### The problem
Below are some records. Pull every line that contains the word "Figure".

[Records from a data source]
◆ ◆ ◆ ◆ ◆
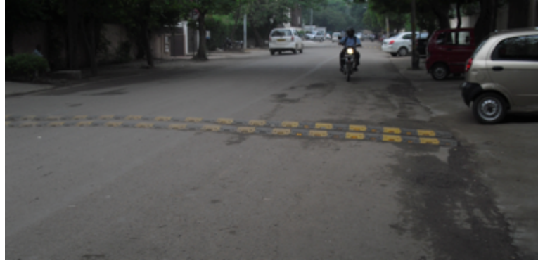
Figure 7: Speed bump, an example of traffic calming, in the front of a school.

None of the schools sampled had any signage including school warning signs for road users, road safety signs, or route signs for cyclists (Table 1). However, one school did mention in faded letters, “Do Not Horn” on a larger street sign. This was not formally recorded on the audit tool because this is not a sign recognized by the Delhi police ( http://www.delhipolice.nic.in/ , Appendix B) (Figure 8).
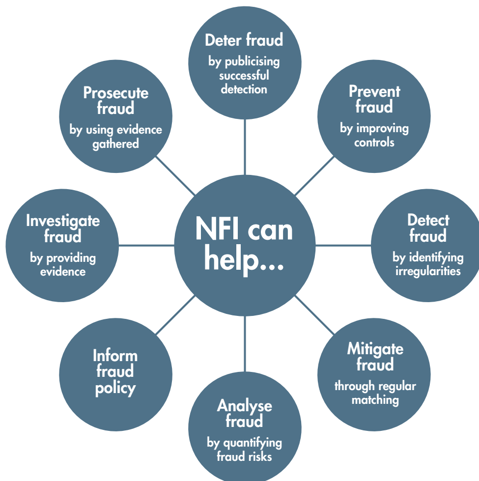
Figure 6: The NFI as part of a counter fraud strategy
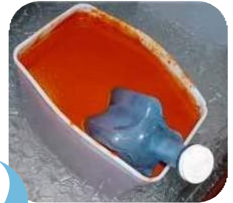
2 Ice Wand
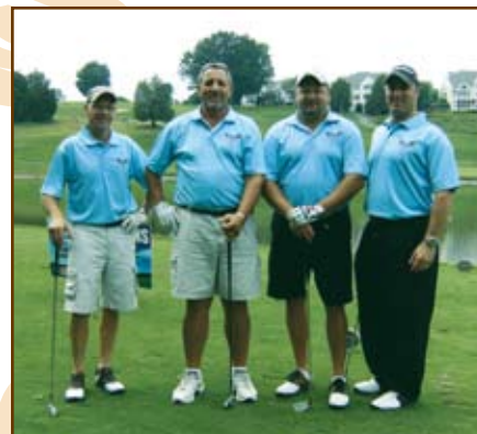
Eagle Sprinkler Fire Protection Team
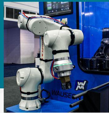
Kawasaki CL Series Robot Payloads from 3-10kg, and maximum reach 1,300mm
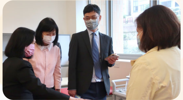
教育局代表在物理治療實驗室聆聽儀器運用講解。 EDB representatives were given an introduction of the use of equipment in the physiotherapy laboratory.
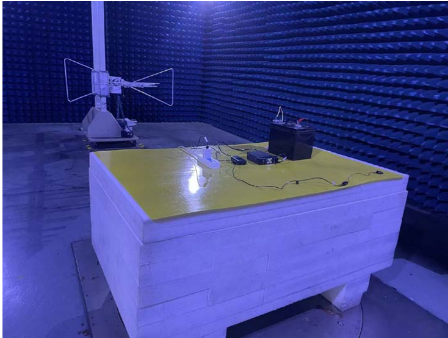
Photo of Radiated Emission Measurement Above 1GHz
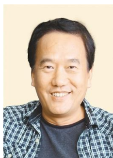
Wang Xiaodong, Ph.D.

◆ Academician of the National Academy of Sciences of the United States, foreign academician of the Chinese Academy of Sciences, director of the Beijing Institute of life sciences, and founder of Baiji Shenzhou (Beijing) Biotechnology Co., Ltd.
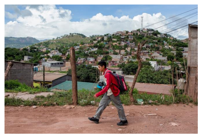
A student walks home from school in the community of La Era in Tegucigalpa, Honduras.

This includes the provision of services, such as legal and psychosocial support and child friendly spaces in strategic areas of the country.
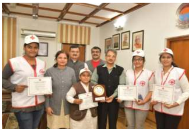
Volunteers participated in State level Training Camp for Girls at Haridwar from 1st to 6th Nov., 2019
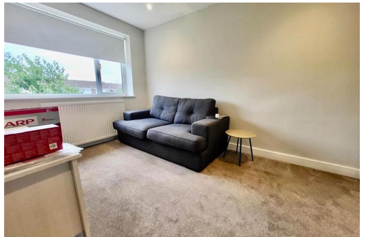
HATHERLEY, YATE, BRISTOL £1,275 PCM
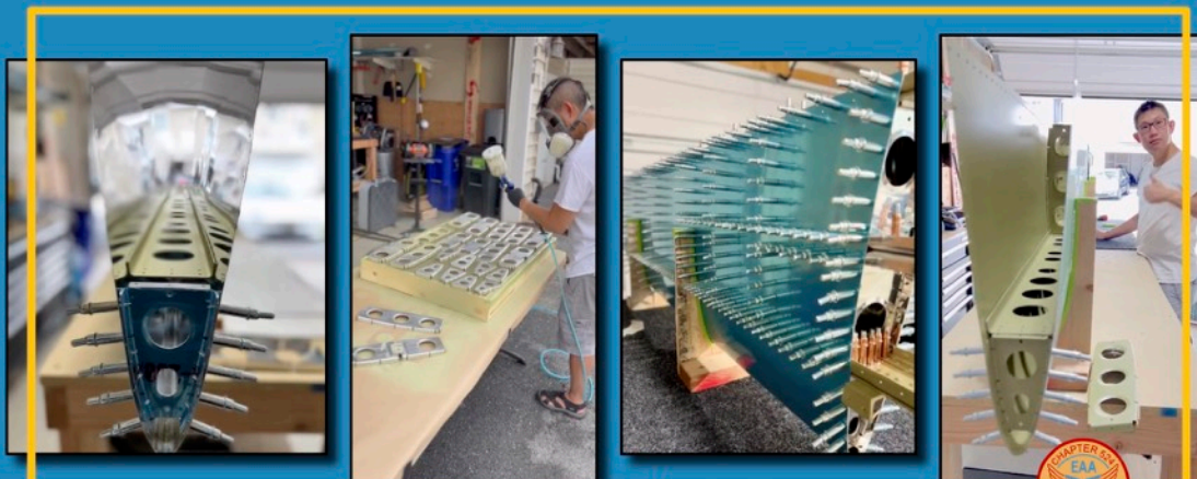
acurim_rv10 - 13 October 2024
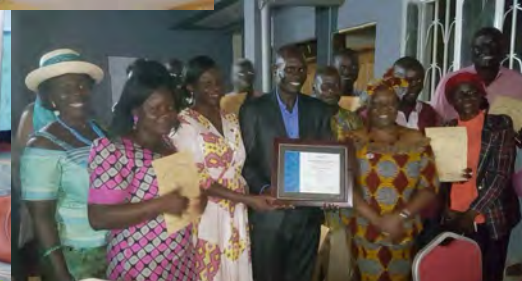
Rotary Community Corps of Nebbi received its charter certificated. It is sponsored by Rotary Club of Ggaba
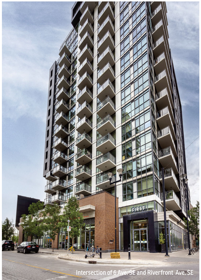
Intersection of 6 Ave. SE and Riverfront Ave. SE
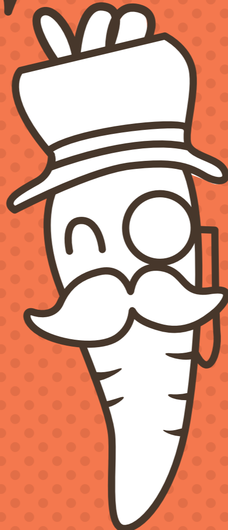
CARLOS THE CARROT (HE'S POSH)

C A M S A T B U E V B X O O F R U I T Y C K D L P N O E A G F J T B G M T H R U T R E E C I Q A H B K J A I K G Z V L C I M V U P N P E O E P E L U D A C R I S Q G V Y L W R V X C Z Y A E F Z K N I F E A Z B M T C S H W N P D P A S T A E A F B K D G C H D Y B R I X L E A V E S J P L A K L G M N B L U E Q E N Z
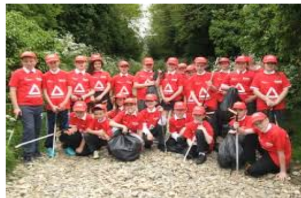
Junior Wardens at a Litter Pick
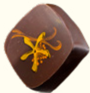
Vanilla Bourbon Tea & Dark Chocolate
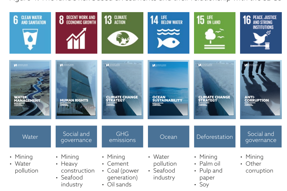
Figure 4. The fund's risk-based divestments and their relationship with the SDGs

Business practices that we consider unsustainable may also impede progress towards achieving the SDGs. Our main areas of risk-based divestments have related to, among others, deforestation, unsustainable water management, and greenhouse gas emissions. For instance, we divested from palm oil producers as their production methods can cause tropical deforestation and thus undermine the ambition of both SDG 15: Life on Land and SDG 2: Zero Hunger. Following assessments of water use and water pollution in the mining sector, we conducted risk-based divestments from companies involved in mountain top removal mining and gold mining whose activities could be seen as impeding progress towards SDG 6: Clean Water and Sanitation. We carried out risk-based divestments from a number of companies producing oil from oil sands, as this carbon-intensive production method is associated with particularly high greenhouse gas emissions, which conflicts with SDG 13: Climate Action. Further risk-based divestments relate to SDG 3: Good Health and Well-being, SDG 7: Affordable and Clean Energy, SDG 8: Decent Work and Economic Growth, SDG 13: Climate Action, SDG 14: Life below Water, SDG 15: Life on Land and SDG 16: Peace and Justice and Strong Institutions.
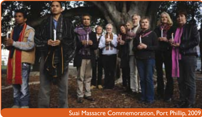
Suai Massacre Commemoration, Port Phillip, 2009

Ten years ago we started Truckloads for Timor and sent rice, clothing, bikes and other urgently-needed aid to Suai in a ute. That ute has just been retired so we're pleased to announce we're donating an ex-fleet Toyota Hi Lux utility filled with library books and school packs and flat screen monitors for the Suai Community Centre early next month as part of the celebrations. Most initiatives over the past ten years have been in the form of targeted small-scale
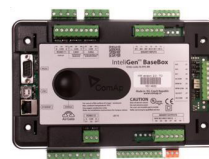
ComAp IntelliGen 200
◆ ◆ ◆ ◆ ◆
### Task answer
Figure 7: Speed bump, an example of traffic calming, in the front of a school.
None of the schools sampled had any signage including school warning signs for road users, road safety signs, or route signs for cyclists (Table 1). However, one school did mention in faded letters, “Do Not Horn” on a larger street sign. This was not formally recorded on the audit tool because this is not a sign recognized by the Delhi police ( http://www.delhipolice.nic.in/ , Appendix B) (Figure 8).
Figure 6: The NFI as part of a counter fraud strategy
Figure 4. The fund's risk-based divestments and their relationship with the SDGs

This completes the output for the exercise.